Product

Customize Speech-to-Text

October 22, 2025

Customize Speech-to-Text

TL;DR

  • Argmax Pro SDK now supports Custom Vocabulary, an advanced feature that lets developers quickly customize or personalize speech-to-text models by providing a list of contextual keywords at runtime.
  • Unlike Whisper Keyword Prompting or Deepgram Keyword Boosting, Argmax's Custom Vocabulary feature is model-agnostic, meaning the detected keywords can be merged with any transcription result.
  • Developers imagined applications that required scaling way beyond the ~100 keywords limit that Whisper and other proprietary cloud APIs impose. The first version of Argmax Pro SDK Custom Vocabulary supports 1000 keywords.
  • Use cases range from proper spelling of people, company and product names in meeting transcriptions to industry or occupation-specific jargon in field service or front-line work.
  • Open-source reproducible benchmarks demonstrate that keyterm recognition accuracy improves from 64% to 88% with more improvements on the way. Results can be reviewed on OpenBench.
  • Try it on superwhisper-2.6.2 or Argmax Playground today!

Custom Vocabulary

Clean audio recordings of casual conversations without any names or jargon are easy to transcribe. In fact, most speech-to-text systems today do an almost perfect job under those cond itions. However, most systems also break under realistic settings, such as the one below:

Apple Native API gets 0/4 correct as tested in the Voice Memos app on iOS 26.
For the same recording, Argmax Pro SDK gets 4/4 in the Argmax Playground.
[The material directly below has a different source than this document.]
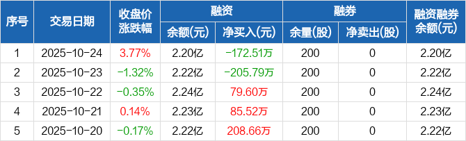 清溢光电:融资净偿还172.51万元,融资余额2.2亿元(10-24)

Custom Vocabulary works by registering a list of contextual keywords to the transcription system in order to enable a dedicated "keyword search" component. How does one find these contextual keywords? Here are just a few examples:

  • Meetings: Based on the calendar invite keywords, attendees' names, the names of the companies they represent and the most popular products of these companies.
  • Videos: Title and description. OCR results from the video in case there are slides with technical jargon.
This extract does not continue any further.